[OSM-dev] Simplifying data for routing

Sat Jul 28 15:55:23 BST 2007

Hopefully this doesn't turn into a spin-off of the "dropping  
segments" discussion. :) I'm trying to work wit the data model as it  
is now, and will refine for changes if or when they happen.

Since writing my last post, I've tweaked my GPS navigation app to use  
SQL geometric data types. I'm now storing everything as POIs (single  
points not connected to segments and not tagged as a road), paths  
(all segments on a way combined into a single linestring) and areas  
(which I don't support but which is just short-hand for closed ways  
so I can quickly determine all the contained locations a point is in.)

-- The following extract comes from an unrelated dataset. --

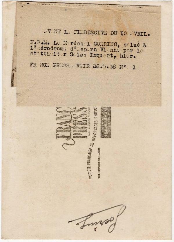 Originele Wo2 Franse Persfoto - Luftwaffe Reichsmarschall Hermann Göring met een Veldmaarschalk baton + Bloedorde, Seyss-Inquart in Wenen (1938)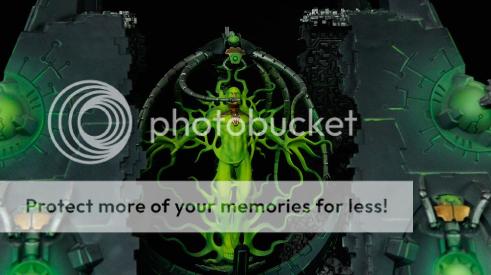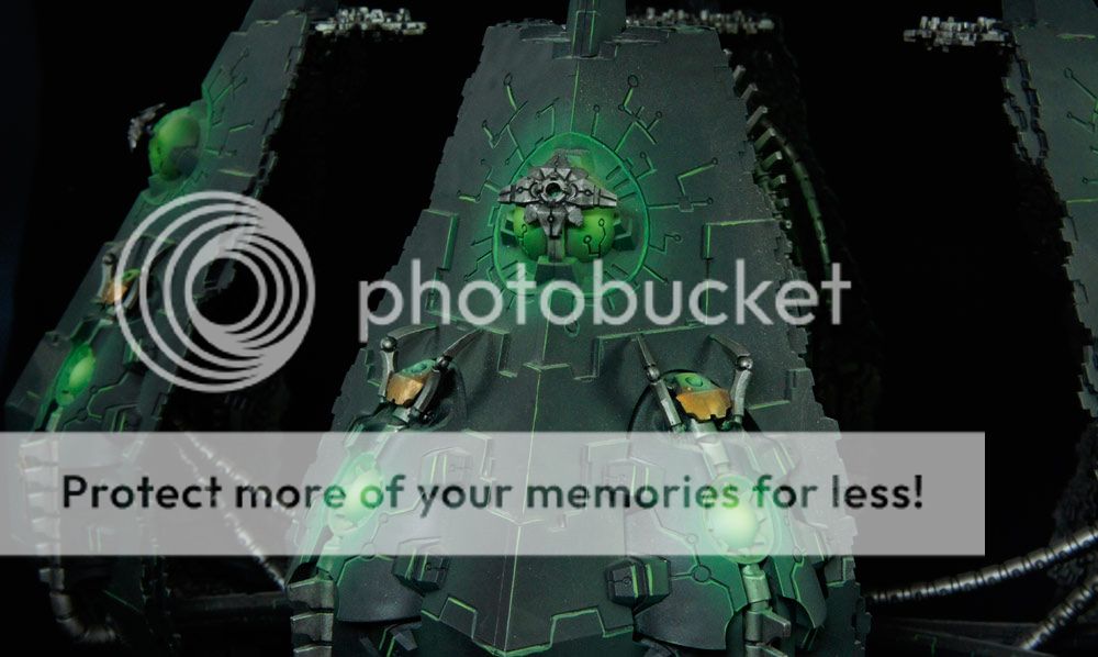Well I based the paintjob around the official scheme, as per the clients request. So the colours(or lack thereof) was out of my hands. Also, they're Necrons. Black green and silver are the only colours they know :-p

I've been reading about shortest path algorithms, and as they all  
seem to work on graphs, I've been thinking about the graph of  
unprocessed OSM data and wondering how much post-processing I need to  
do to make routing possible. I'm better at grokking concepts than  
code, which is why I've not yet looked at the recently-announced JOSM  
navigator plugin.

Since I'm dropping most of the OSM nodes, I'm thinking that the  
vertices on the graph should be intersections. Part of my current  
post-processing involves doing a brute-force check of any newly-saved  
Path for any that intersect it. I then create an intersection feature  
as a point, linking to all the "branches." As such, I can now find  
and describe nearby intersections in terms of how many "ways" they  
have and render that description as something like "5-way  
intersection: E 51st St. with Duval St. and Guadalupe St."

I have several questions. First, is using intersections for the  
vertices of the routing graph the right way (no pun intended) to do  
it? I thought about using nodes, but if I understand the model,  
there's no reason to expect nodes to be placed at intersections.

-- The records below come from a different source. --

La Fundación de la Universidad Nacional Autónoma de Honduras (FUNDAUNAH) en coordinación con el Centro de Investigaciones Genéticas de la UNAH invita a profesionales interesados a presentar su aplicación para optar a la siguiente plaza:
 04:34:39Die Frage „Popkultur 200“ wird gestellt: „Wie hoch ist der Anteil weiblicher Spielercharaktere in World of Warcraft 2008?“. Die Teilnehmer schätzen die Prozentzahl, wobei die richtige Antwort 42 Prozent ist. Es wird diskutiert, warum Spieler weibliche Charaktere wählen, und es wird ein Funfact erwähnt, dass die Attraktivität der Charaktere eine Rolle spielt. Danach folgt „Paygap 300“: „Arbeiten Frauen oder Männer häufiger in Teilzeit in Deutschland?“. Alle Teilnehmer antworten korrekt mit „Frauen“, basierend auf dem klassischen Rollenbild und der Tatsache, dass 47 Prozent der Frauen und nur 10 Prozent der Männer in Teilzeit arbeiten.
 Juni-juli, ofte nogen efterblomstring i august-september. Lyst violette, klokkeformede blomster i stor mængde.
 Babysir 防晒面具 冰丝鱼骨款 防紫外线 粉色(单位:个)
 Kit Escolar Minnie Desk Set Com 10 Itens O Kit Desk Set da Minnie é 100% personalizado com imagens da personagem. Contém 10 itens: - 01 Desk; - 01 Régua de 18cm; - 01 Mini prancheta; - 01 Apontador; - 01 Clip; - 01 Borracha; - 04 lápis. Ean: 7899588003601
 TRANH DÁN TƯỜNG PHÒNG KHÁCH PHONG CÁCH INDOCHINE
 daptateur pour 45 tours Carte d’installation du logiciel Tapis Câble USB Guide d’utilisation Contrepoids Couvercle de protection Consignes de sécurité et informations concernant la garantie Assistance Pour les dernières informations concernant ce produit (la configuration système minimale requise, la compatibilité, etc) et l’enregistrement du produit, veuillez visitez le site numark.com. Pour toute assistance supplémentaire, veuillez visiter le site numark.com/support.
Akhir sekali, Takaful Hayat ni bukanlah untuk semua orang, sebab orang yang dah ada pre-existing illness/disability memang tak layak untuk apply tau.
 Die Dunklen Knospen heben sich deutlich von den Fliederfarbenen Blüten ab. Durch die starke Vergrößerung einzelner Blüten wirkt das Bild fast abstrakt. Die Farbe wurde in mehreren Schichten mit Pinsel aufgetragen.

Second, I'm still trying to grok a*/Dijkstra algorithms for shortest  
path. Seems like several routing apps I've checked out prefer  
Dijkstra, but is there any reason for picking it over a*? My  
understanding is that a* stops investigating paths that aren't  
meaningful, so wouldn't move toward a point to the north by going  
south. What am I missing? Is a* impractical for some reason?

Third, I'm not quite sure how costly these algorithms are, and  
whether it would be better to calculate intersections on the fly or  
do so ahead of time. Ahead of time seems to make the import take much  
longer (the TIGER data for Travis County, just over 50 megs, takes  
about an hour for me to import sans intersection calculation and  
clocks in at just over 20 megs in the database, while intersection  
calculation adds another 10 megs and 2 hours.)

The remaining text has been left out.